Abstract:Material attributes have been shown to provide a discriminative intermediate representation for recognizing materials, especially for the challenging task of recognition from local material appearance (i.e., regardless of object and scene context). In the past, however, material attributes have been recognized separately preceding category recognition. In contrast, neuroscience studies on material perception and computer vision research on object and place recognition have shown that attributes are produced as a by-product during the category recognition process. Does the same hold true for material attribute and category recognition? In this paper, we introduce a novel material category recognition network architecture to show that perceptual attributes can, in fact, be automatically discovered inside a local material recognition framework.
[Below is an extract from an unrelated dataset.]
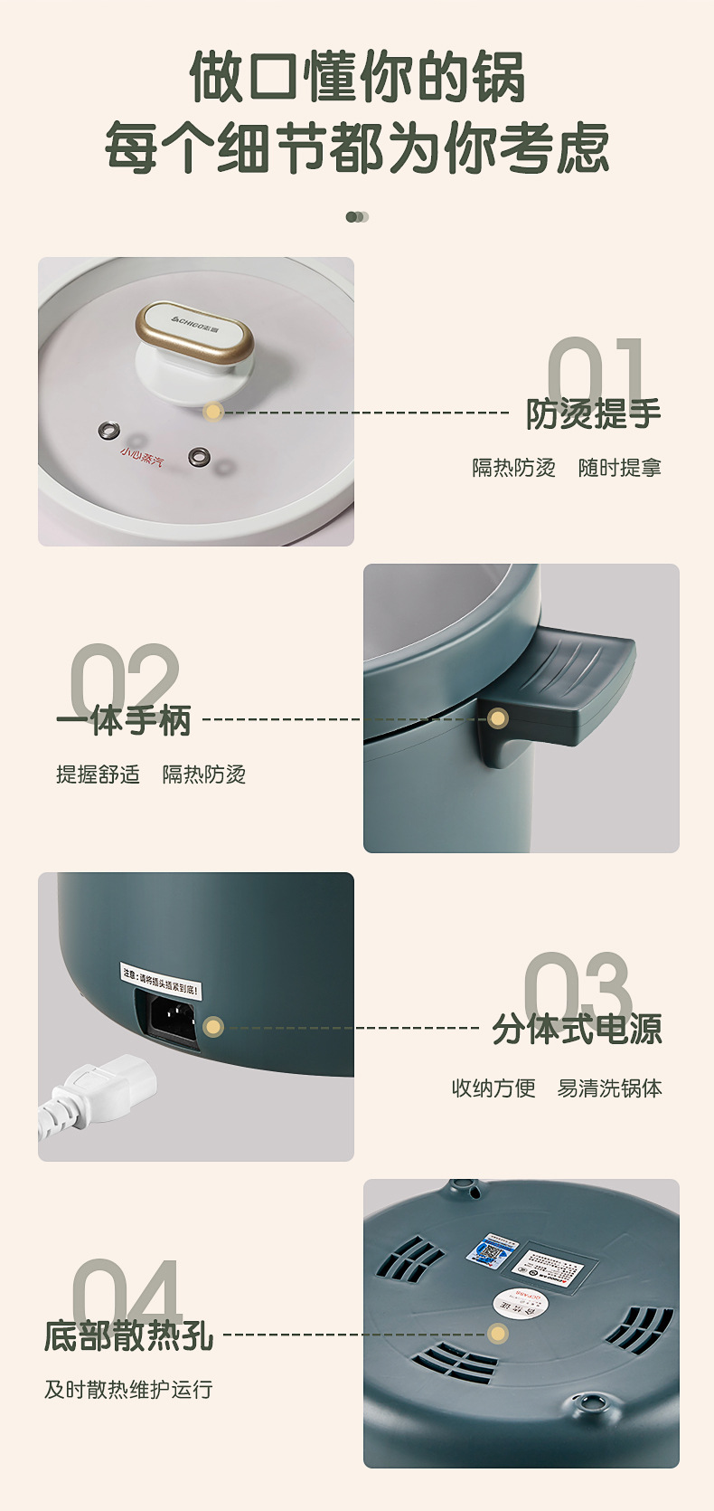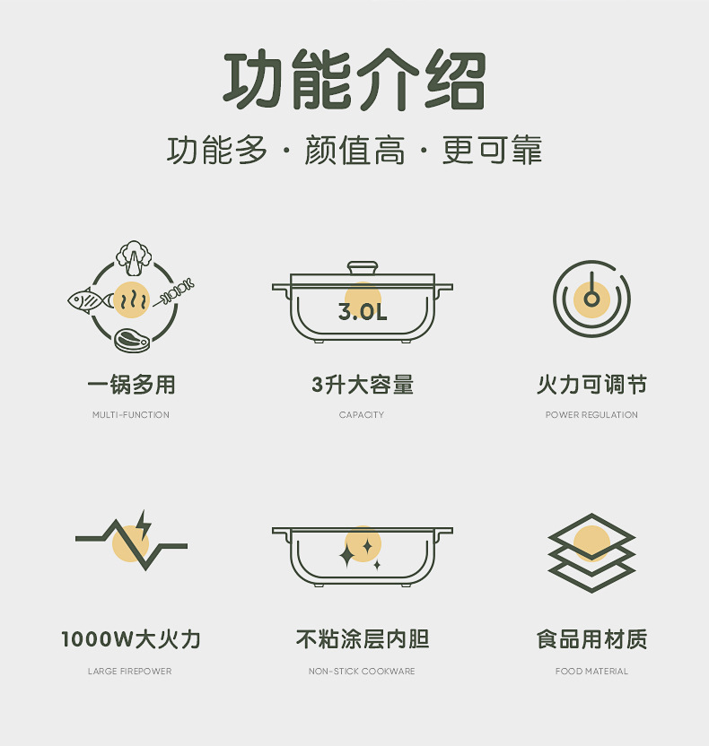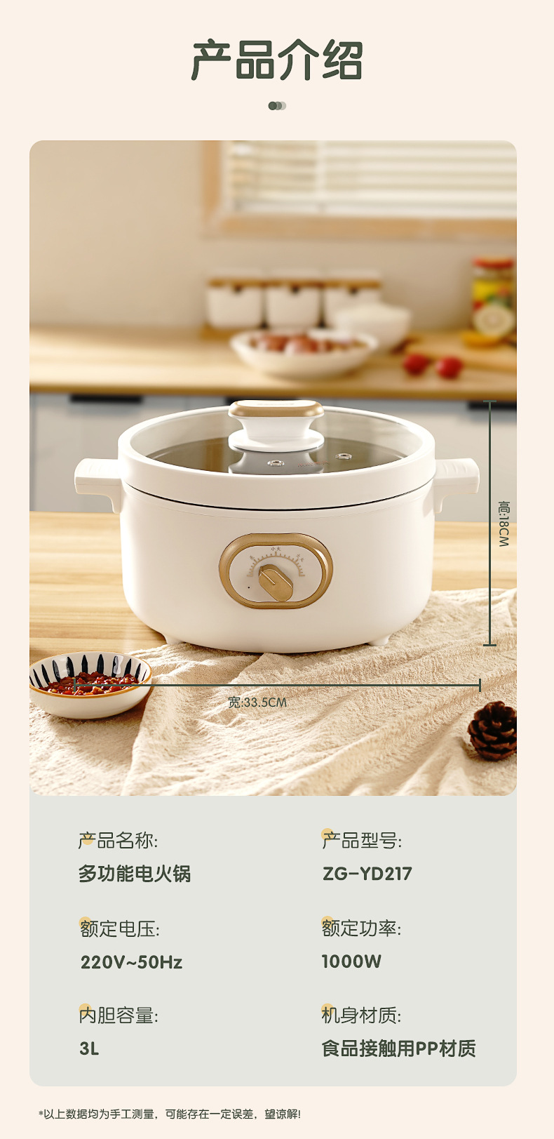 商品名称:志高ZG-YD217多功能电煮锅 3L 典雅白 单位:台

The novel material-attribute-category convolutional neural network (MAC-CNN) produces perceptual material attributes from the intermediate pooling layers of an end-to-end trained category recognition network using an auxiliary loss function that encodes human material perception. To train this model, we introduce a novel large-scale database of local material appearance organized under a canonical material category taxonomy and careful image patch extraction that avoids unwanted object and scene context. We show that the discovered attributes correspond well with semantically-meaningful visual material traits via Boolean algebra, and enable recognition of previously unseen material categories given only a few examples. These results have strong implications in how perceptually meaningful attributes can be learned in other recognition tasks.